## [BRIEF]
What you produce should be an exact transcription of the data, minus any pictures.

## [AVAILABLE DATA]

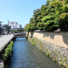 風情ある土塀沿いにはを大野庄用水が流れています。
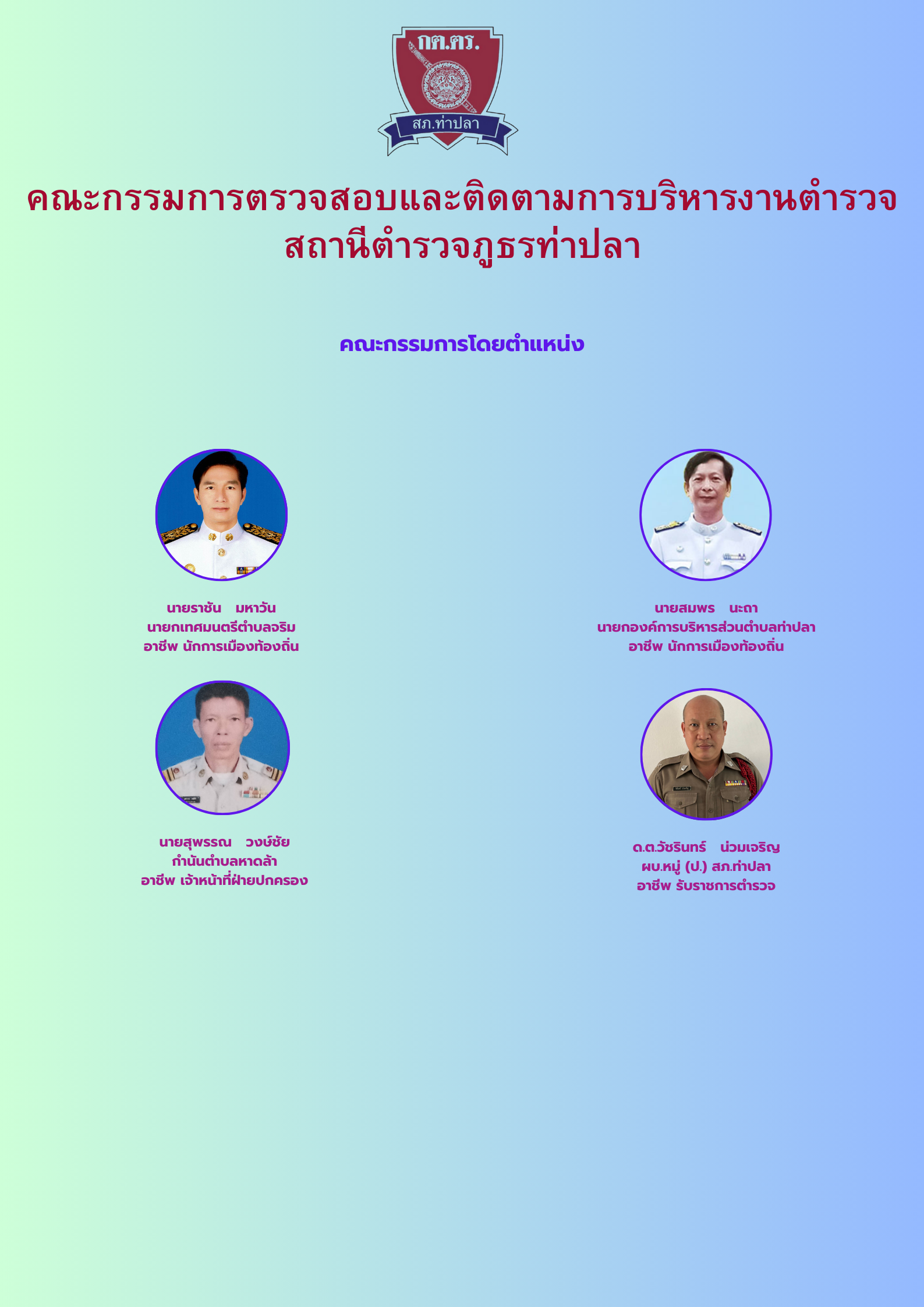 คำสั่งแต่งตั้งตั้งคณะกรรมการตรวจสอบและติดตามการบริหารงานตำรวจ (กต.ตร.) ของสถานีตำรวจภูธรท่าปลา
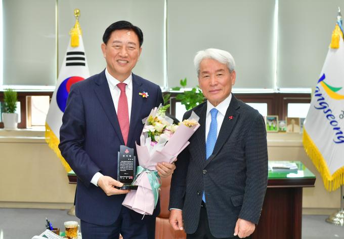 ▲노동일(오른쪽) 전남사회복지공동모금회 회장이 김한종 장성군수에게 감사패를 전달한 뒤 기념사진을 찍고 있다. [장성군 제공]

## [SOLUTION]
 風情ある土塀沿いにはを大野庄用水が流れています。
 คำสั่งแต่งตั้งตั้งคณะกรรมการตรวจสอบและติดตามการบริหารงานตำรวจ (กต.ตร.) ของสถานีตำรวจภูธรท่าปลา
 ▲노동일(오른쪽) 전남사회복지공동모금회 회장이 김한종 장성군수에게 감사패를 전달한 뒤 기념사진을 찍고 있다. [장성군 제공]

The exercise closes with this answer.